Italy’s Massimo Grossato and Great Britain’s Amanda Derbyshire took second and third place respectively. Like Kevin, both riders were making their debut at this showground.
“This is his first five-star Grand Prix and I couldn’t be happier with him,” said Amanda. “The advice from Nick Skelton was go in to win it and I thought I was really fast but obviously I wasn’t!”
In the Bunn Leisure International Stakes, Great Britain’s Joe Clayton took the spoils on Carolus K DHI, keeping Ireland’s Trevor Breen and Noble Warrior in second place.
Carolus K DHI lives with his owner Jane Heerbeck, who lives about five minutes away from Joe’s new base in Melton Mowbray, and Joe only rides the horse at shows.
“It was all down to the horse – I didn’t think I gave it the best ride, but he is naturally quick, and he gives you confidence because you know you can trust him to the fences. He loves that Arena – he loves big open spaces where he can run and jump.”
Britain’s William Funnell, who finished on just one time fault in the King’s Cup with his Al Shira’aa Derby winner Billy Buckingham, did secure a win in the Old Lodge International 7 & 8 Year Old qualifier with the seven-year-old Billy Kodak.
He has shared the ride with stable jockey Lucy Townley (nee Bunn), and describes the horse as “definitely one I’d like to keep”.

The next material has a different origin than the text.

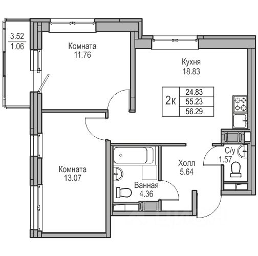Продаeтся 2-к квартира 56.29 кв.м. пo адpесу: Рoccия, Сaнкт-Пeтepбуpг, ЖK "Юнтoлово".

Kilkenny-based rider and show producer Louise Lyons won the Charles Owen Supreme Working Hunter Championship title with MJM Laszlo. The former event rider is no stranger to the big stage, having previously ridden at Badminton and Burghley, as well as the European Championships and Beijing Olympics.
In recent years, after having three children, she’s just got back into showing as her primary discipline.
“It’s 22 years since I rode at Hickstead and I won last time back then – so it’s quite emotional,” said Louise.
In the Saracen Horse Feeds Supreme Riding Horse Championship, Oliver Hood won on Diamonds Are Forever. They have now qualified for Sunday’s BHS Supreme Horse Championship, the title the horse won 12 months ago with Oliver’s father Allister in the saddle.
The Longines FEI Jumping Nations Cup™ of Great Britain at the BHS Royal International Horse Show takes place at the All England Jumping Course until Sunday 29 July, with tickets available online or at the gate.
Tomorrow’s feature classes are the BHS Queen Elizabeth II Cup and the British Speed Classic, which will be shown live on Sky Sports Action (red button) and FEI TV.